I had been thinking a lot about paper—specifically, about how much of it I throw away and how wasteful that seems—so I decided to try making some of my own. This happens to me from time to time: I become overwhelmed with guilt about the garbage I generate and I then think, well, it’s kind of pathetic to just feel bad, surely, there’s something constructive that Can Be Done. At other times when I have felt like this, I have taken up yogurt-making and bread-making, not for health reasons or because I’m preservative-phobic—quite the contrary, I’m all in favor of preservatives, at least in moderation—but because it seems that yogurt containers, bread bags, and paper are the three things I throw away in unconscionable quantities and I have this vision in my head of the Pacific garbage patch that won’t dissipate. The vision won’t dissipate, and apparently neither will the garbage patch.

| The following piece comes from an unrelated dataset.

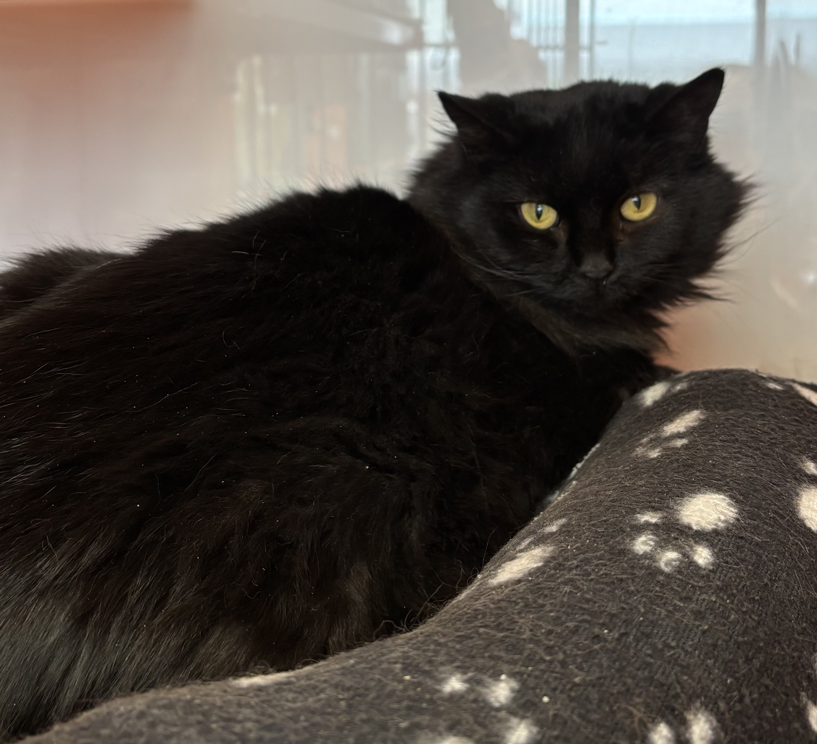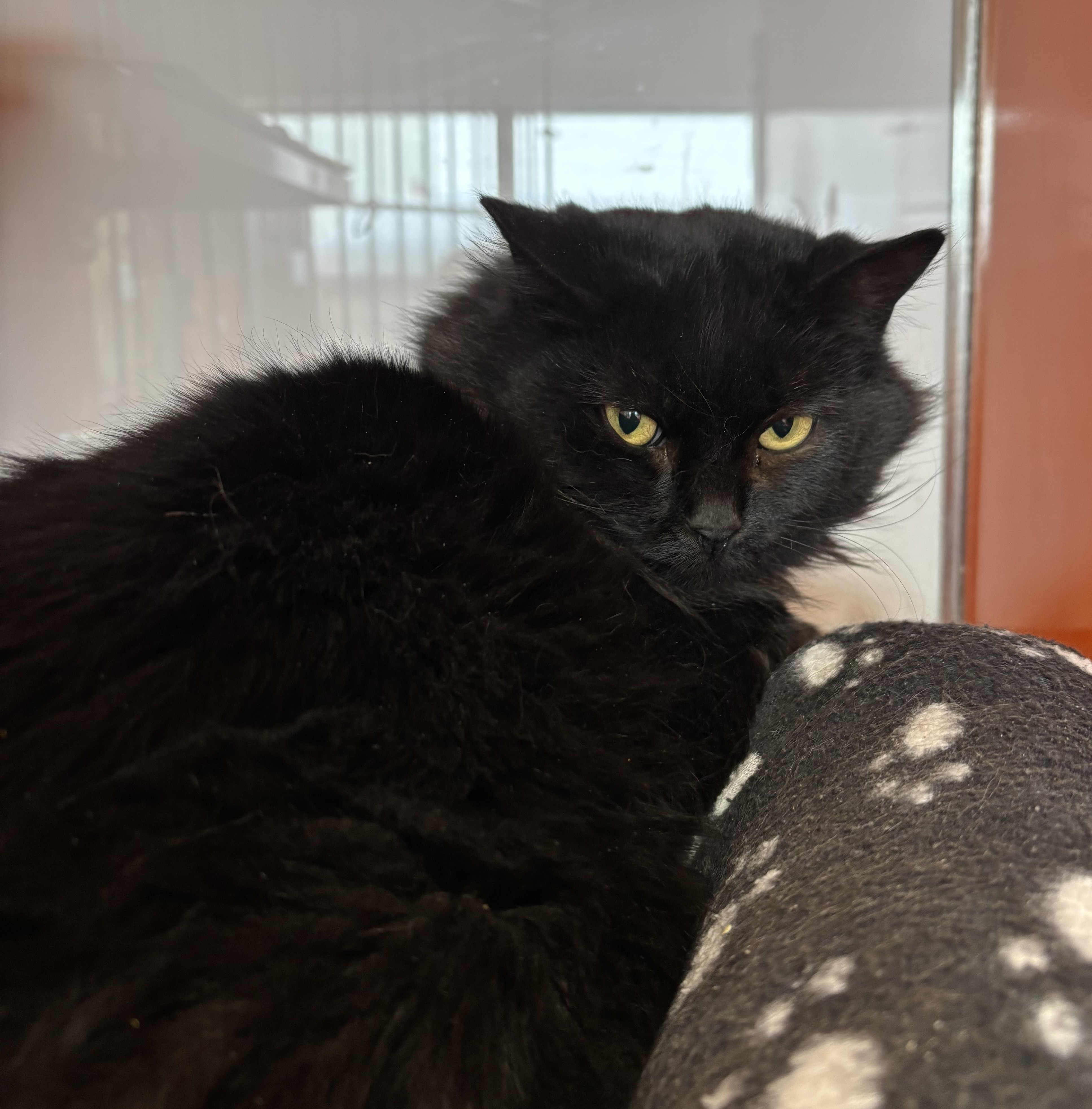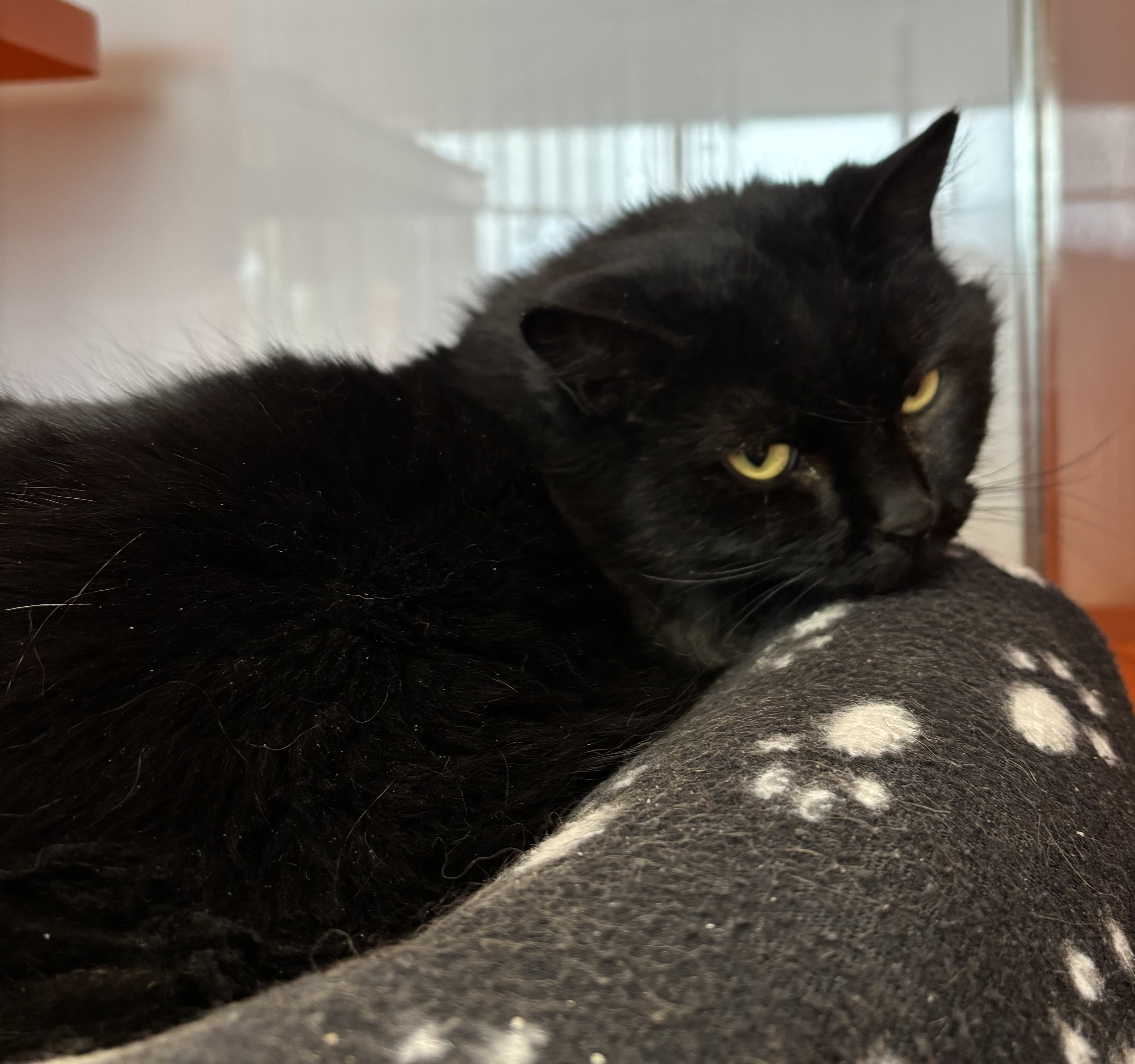 When she first arrived at the shelter, she preferred the security of her cubby, but with time she has started to relax a bit more, enjoying quiet moments on her cozy bed. Mosi is still a shy and nervous girl who needs a patient and loving approach. She would thrive in a calm, peaceful home where she can feel safe, build trust, and gradually show her affectionate side.

Making paper is actually fairly easy. (As it turns out, so is yogurt-making, if you have a yogurt-maker, whose sole function is to control temperature; and so is bread-making, if you own a bread machine. I probably don’t need to point out that purchasing these appliances, compact as they are, negates the whole purpose of yogurt/bread/paper–making, which was to reduce my carbon footprint. Also, they’re only easy if you’re content, as I am, with relatively pedestrian yogurt/bread/paper.) When I first read about papermaking, it sounded really hard. It sounded like it involved roaming around in the woods pulling up fibrous grasses and roots with gloved hands, pounding them with a wooden mallet or something equally unwieldy and full of splinters, or maybe stomping on them in a vat. It sounded laborious, in a tedious way but at the same time, in addition, as if it involved some mysterious technical dexterity, some sleight-of-hand. But really it’s easy. And it does help if you buy Arnold Grummer’s basic paper making kit, available online for about $30.95, which consists of a “pour deckle” (a rectangular wooden frame), “papermaking screen” (a piece of mesh), a sturdy plastic grid, a wooden bar, and a sponge.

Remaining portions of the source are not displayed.